_Listed entries_.
*** Begin section ***

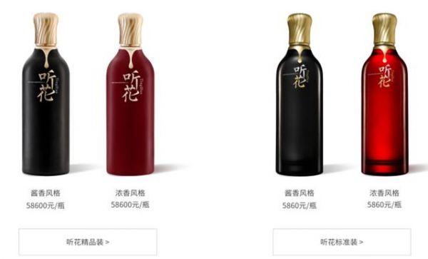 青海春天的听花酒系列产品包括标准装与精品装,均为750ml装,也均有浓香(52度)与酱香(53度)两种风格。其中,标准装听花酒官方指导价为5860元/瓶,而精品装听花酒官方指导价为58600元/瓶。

*** End section ***
*** Begin section ***

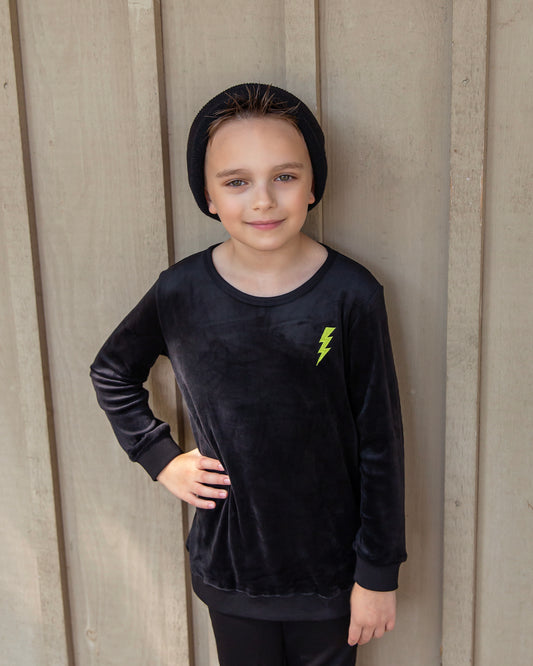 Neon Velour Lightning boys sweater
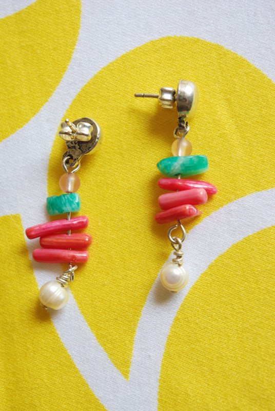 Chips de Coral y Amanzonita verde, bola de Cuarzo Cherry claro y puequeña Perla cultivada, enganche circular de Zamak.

*** End section ***

_Assignment_.
Reproduce the listing above only between the lines holding "Neon Velour Lightning boys sweater" and "Chips de Coral", inclusive. Every line must match exactly, and pictures are dropped.

_Answer space_.
 Neon Velour Lightning boys sweater
 Chips de Coral y Amanzonita verde, bola de Cuarzo Cherry claro y puequeña Perla cultivada, enganche circular de Zamak.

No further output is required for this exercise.